His graduation thesis on criminal procedure received a score of 94 out of 100, and his bar examination was passed with distinction. He completed his professional internship at the Santiago Penitentiary in 1988, obtaining an “Outstanding” evaluation, and was admitted to the bar on 8 January 1990. He later undertook postgraduate studies in tax law at the University of Santiago, Chile.

Gutiérrez has taught at the Arturo Prat University (Iquique campus) and as a lecturer in civil law at the ARCIS University in Santiago. In parallel, he practiced law at the firm Fabiola Letelier Asociados and in 2007 co-founded the human rights law firm Gutiérrez y Monsalve Asociados with lawyer Fernando Monsalve.

== Political career ==
Gutiérrez began his political activity in 1983 as a university student. He initially joined the Almeydista Youth of the Socialist Party of Chile but resigned in 1986 and later became a member of the Communist Party of Chile.

In 1988, he moved to Santiago and joined the Corporation for the Promotion and Defense of the Rights of the People (CODEPU), where he worked until 2002 as a prosecuting lawyer in numerous human rights cases related to violations committed during the military dictatorship.

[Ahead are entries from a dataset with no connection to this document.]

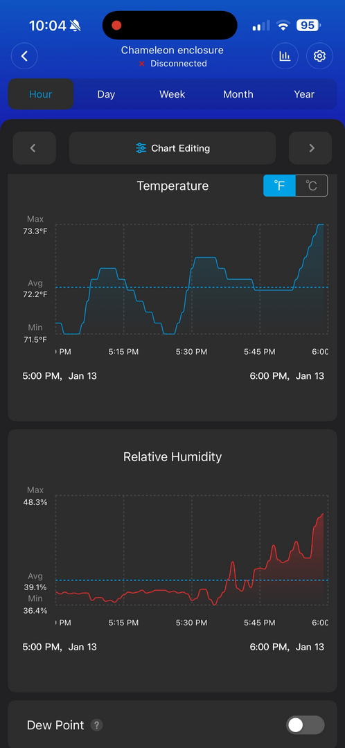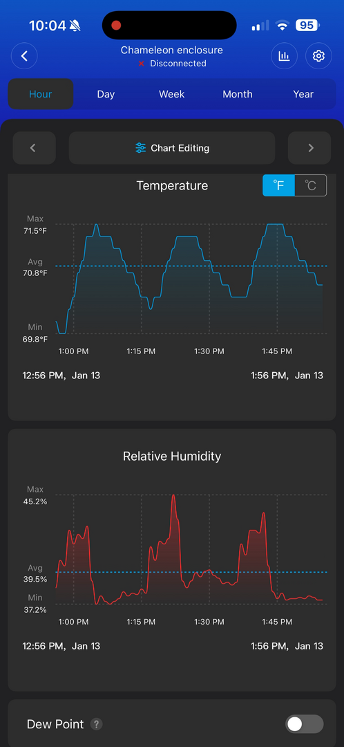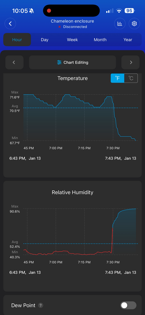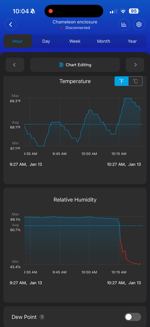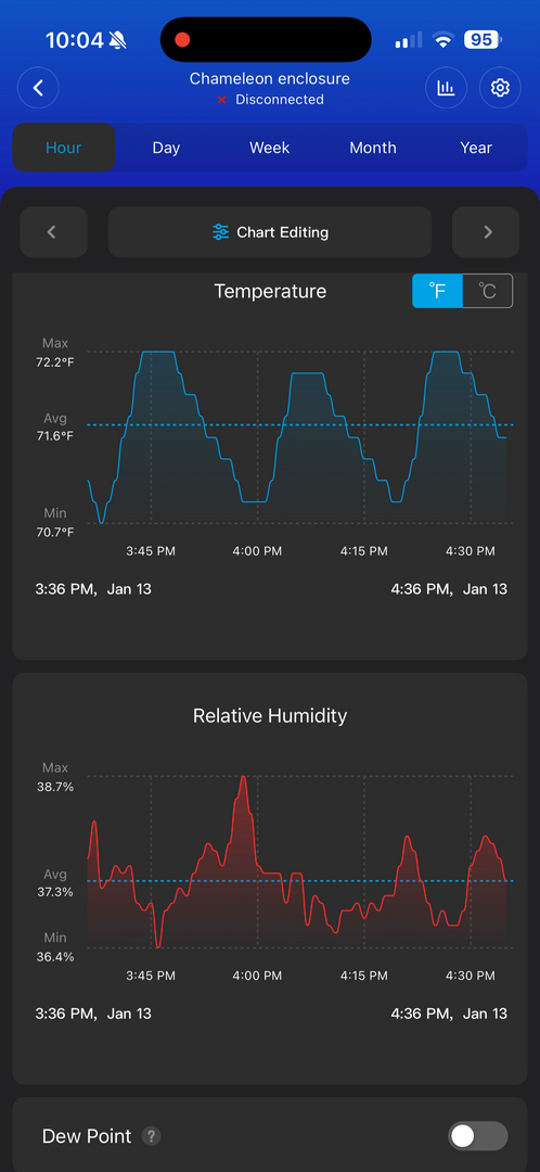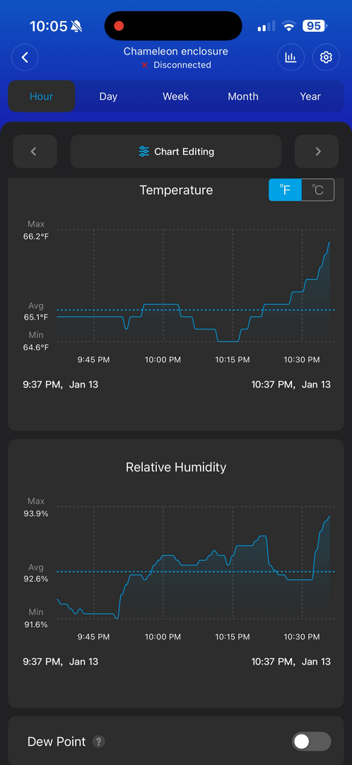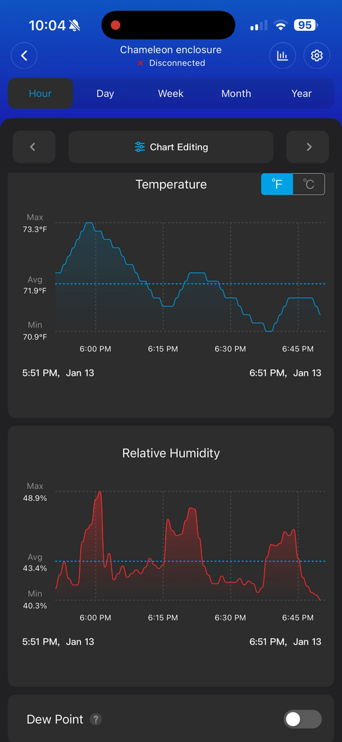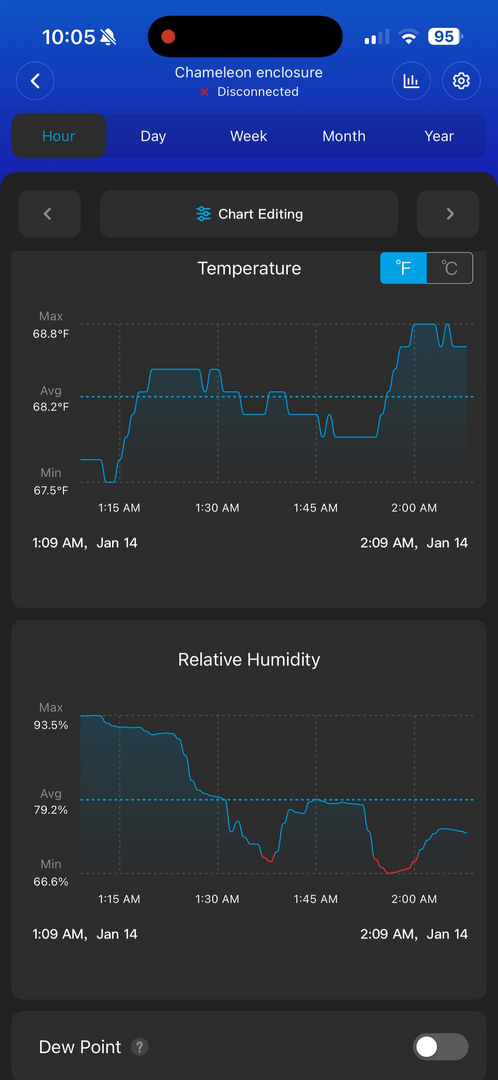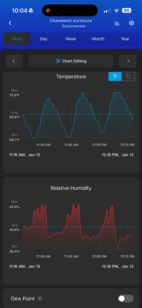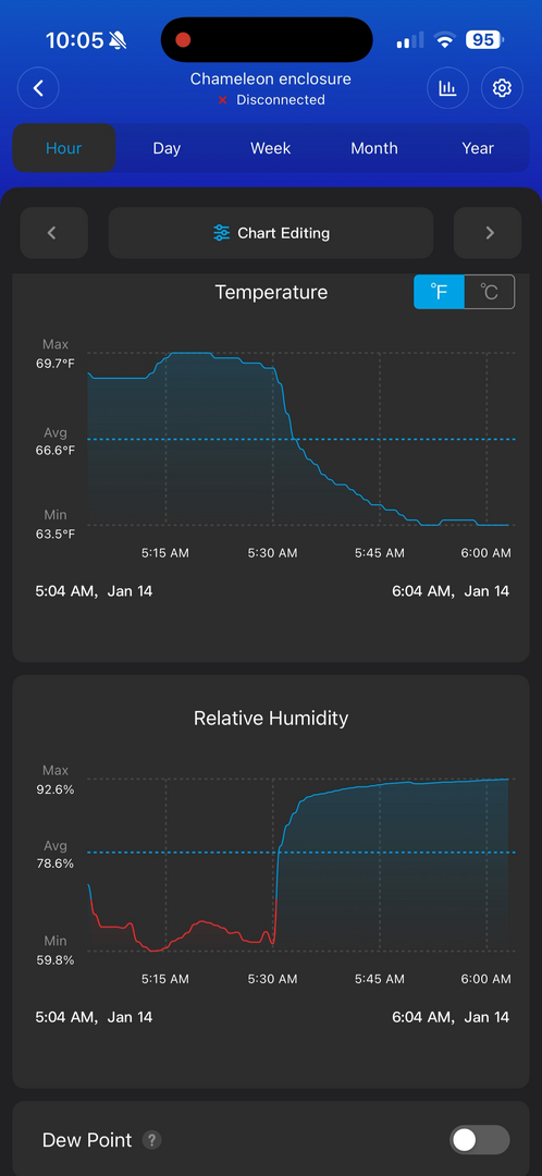 Trying to get my humidity levels dialed in before I receive my Cham at the end of this month. I attached screen recordings of the chart for temp and humidity. Misting is at 6:30a and 7:30p (30 min before lights turn on and after light turn off). Fogging all night after light turn off every 30 mins for 10mins.
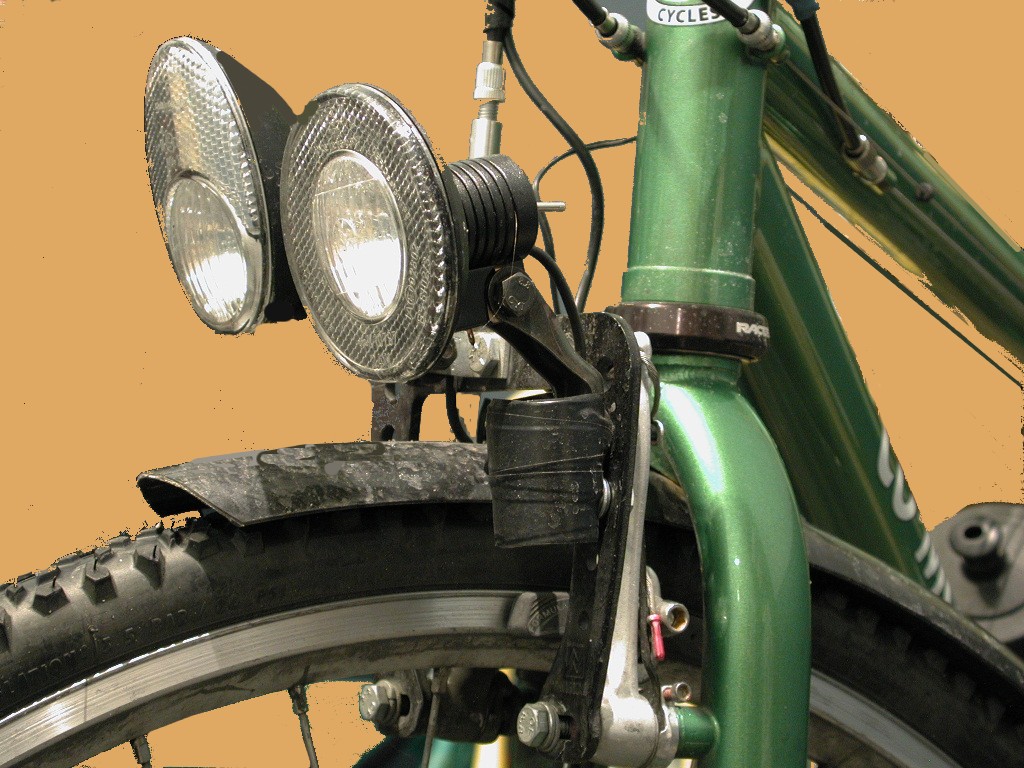 The dual headlights as installed on the Trek 520 touring bike and the Co-Motion tandem. The main headlight (on the left – closest side of the photo) is a Schmidt E-6 with a 3 W bulb. The secondary headlight is a Lumotec.
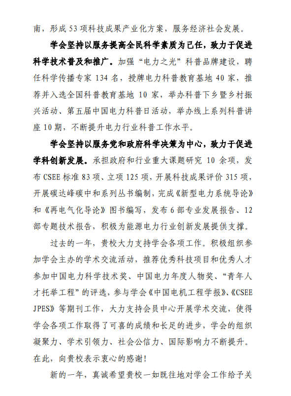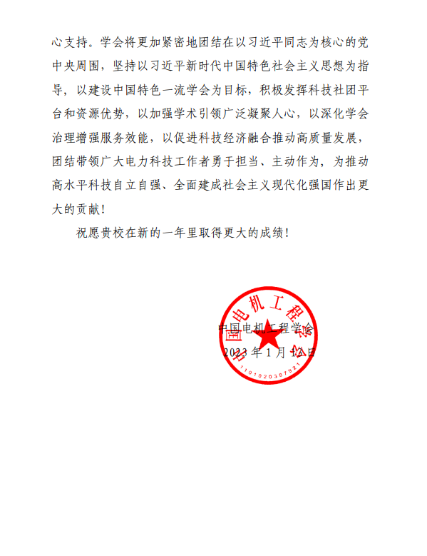 2023年1月13日,中国电机工程学会发来感谢信,对吃瓜网站
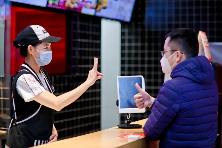 2022年12月14日,在惠州市殘疾人聯(lián)合會的指導(dǎo)下,瑞峰天虹路肯德基“天使餐廳”正式啟動,共有五位殘障人士任職餐廳服務(wù)員,這是惠州首家肯德基“天使餐廳”。
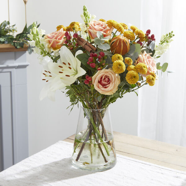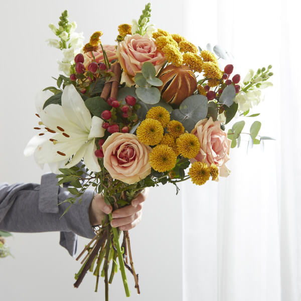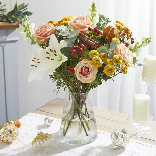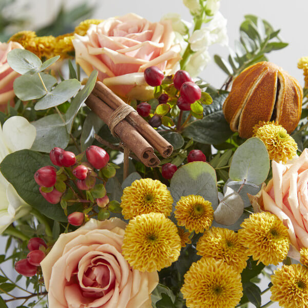 Arranged by hand, this bouquet is as sweet as they make it. Featuring clean white mixed with pastel and fiery tones that are sure to warm any room, it also has a soothing winter aroma. This fragrant bouquet is sure to be a holiday staple. These will be prepped and packed securely, shipped over night with our partner courier. We cannot deliver this item to Northern Ireland, Isle of Wight, Isle of Man, Channel Islands, Highlands of Scotland and Aberdeen, Jersey, Guernsey, Scilly Isles, Argyll, Shetland.
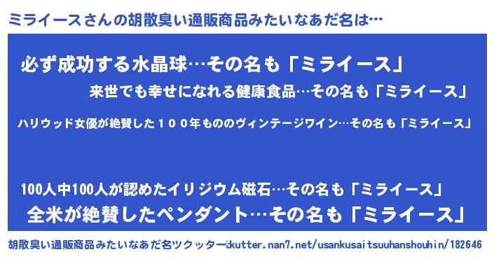 | 意味不明あだ名 | 『住所不定無職ミライース(5歳)』 |
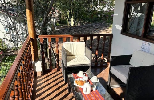it is an old hacienda house remodeled with fine finishes and surrounded by beautiful gardens and terraces You will find tranquility and peace for a good rest. We are 10 minutes from the Plaza de Armas and very close to supermarkets, pharmacies and Italian food restaurants, chifas and chicken shops. The transfer is quick and safe as we are close to main roads, you can travel by bus, walking or by taxi..
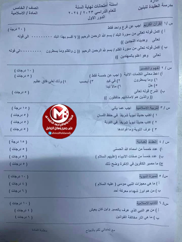 نماذج امتحانات اخر السنه في مادة الاسلامية صف الخامس ابتدائي للعام 2023-2024 مكون من (11) نموذج من مدارس عدة في العراق .
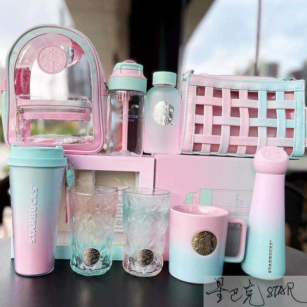 starbucks cup valentine's day pink green gradient glacier pattern copper seal mark glass straw accompanying thermos bag
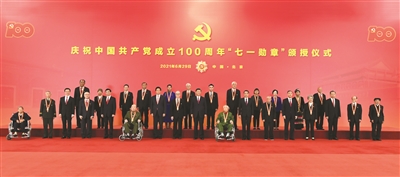 颁授仪式后,习近平等领导同志同“七一勋章”获得者合影留念。
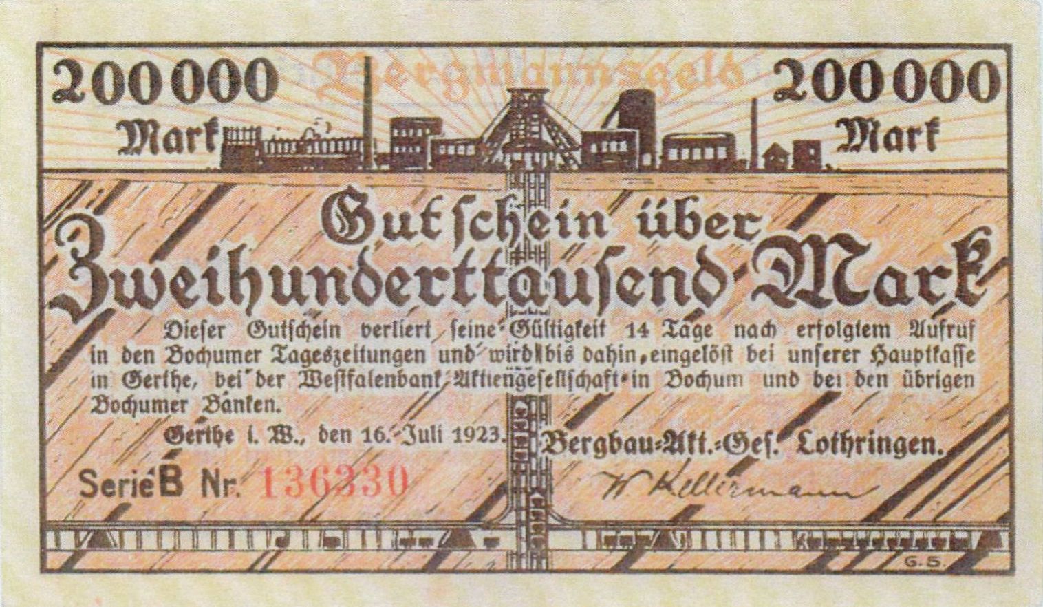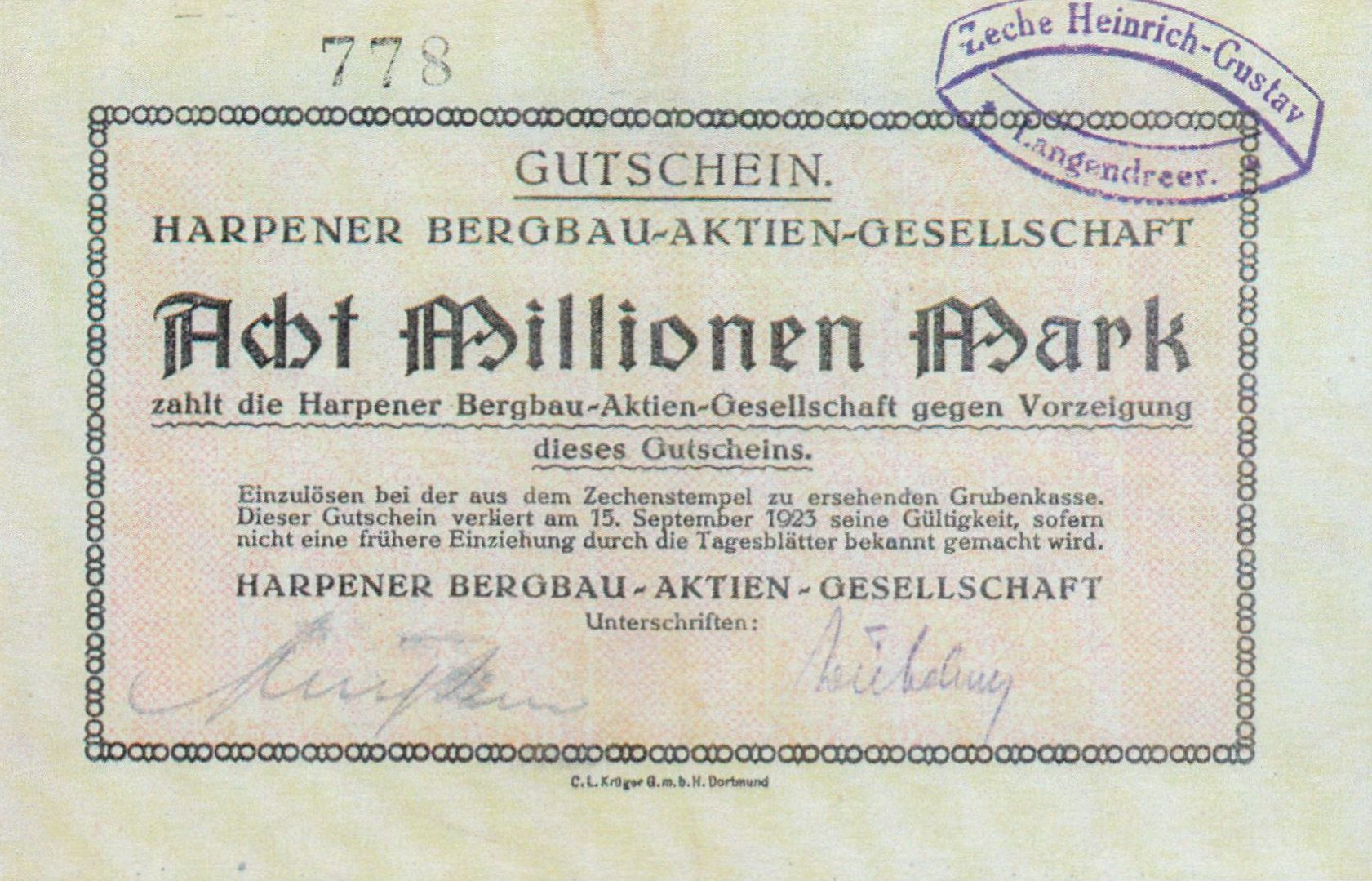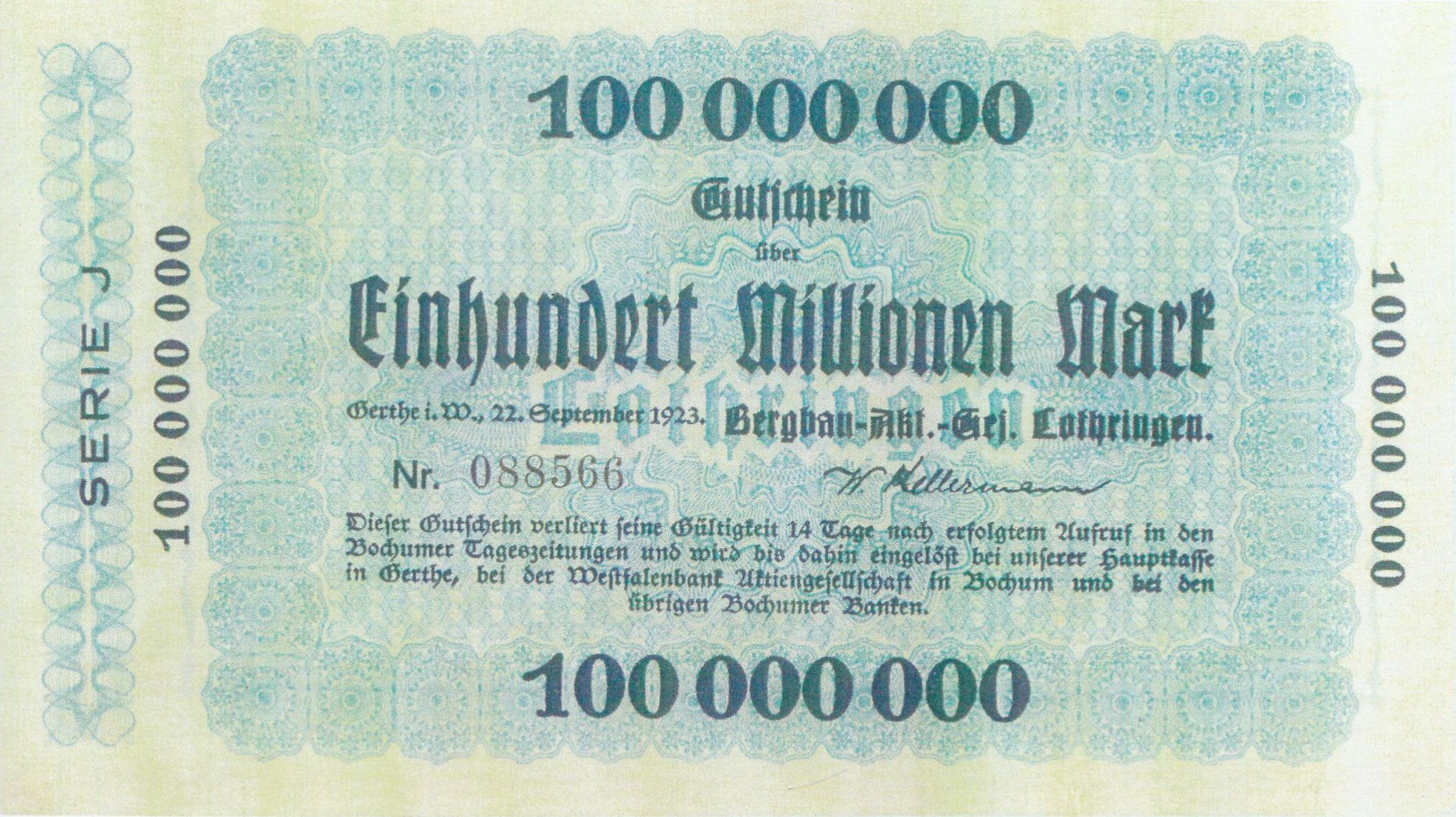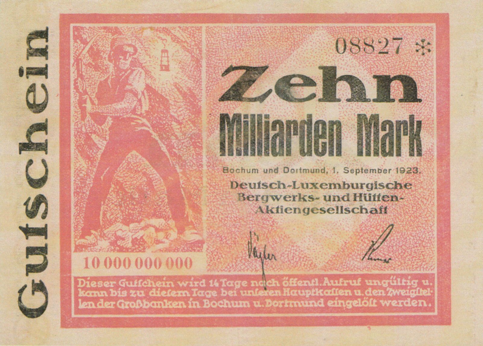 Mit der Hyperinflation wurde nur noch eine Seite der Scheine bedruckt, die weiter ein Wasserzeichen hatten. Für die Zeche Deutschland
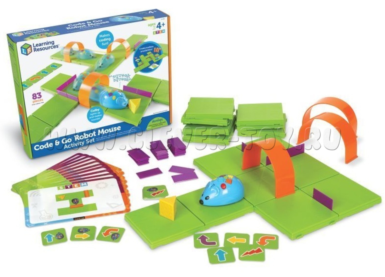 • Робомышь размером 10 см, на корпусе 7 кнопок для программирования, требует 3 батарейки ААА (не включены в комплект).

In this role, he represented relatives of disappeared detainees and participated as a plaintiff in cases such as the Caravan of Death and the impeachment proceedings against former dictator Augusto Pinochet.

He also worked at the Human Rights Legal Aid Office of the Metropolitan Region, successor to the criminal cases previously handled by the Vicariate of Solidarity.

In the 2004 municipal elections, Gutiérrez was elected councillor for the commune of Estación Central, obtaining 7,772 votes (12.94%). After completing his term, he ran for mayor of Estación Central, finishing in second place with 31.44% of the vote and was not elected.

He was elected as a deputy for the 2nd District of the Tarapacá Region in the parliamentary elections of 2009, 2013, and 2017, representing the Communist Party of Chile. In the 2017 election, he obtained 14,332 votes (15.85%).

In the elections held on 15–16 May 2021, Gutiérrez was elected as a member of the Constitutional Convention for the 2nd District of the Tarapacá Region, representing the Communist Party of Chile. He assumed office on 4 July 2021.

In the parliamentary elections of 16 November 2025, he ran as a candidate for the Senate representing the Tarapacá Region under the Unidad por Chile pact, but was not elected, obtaining 18,922 votes (10.32%).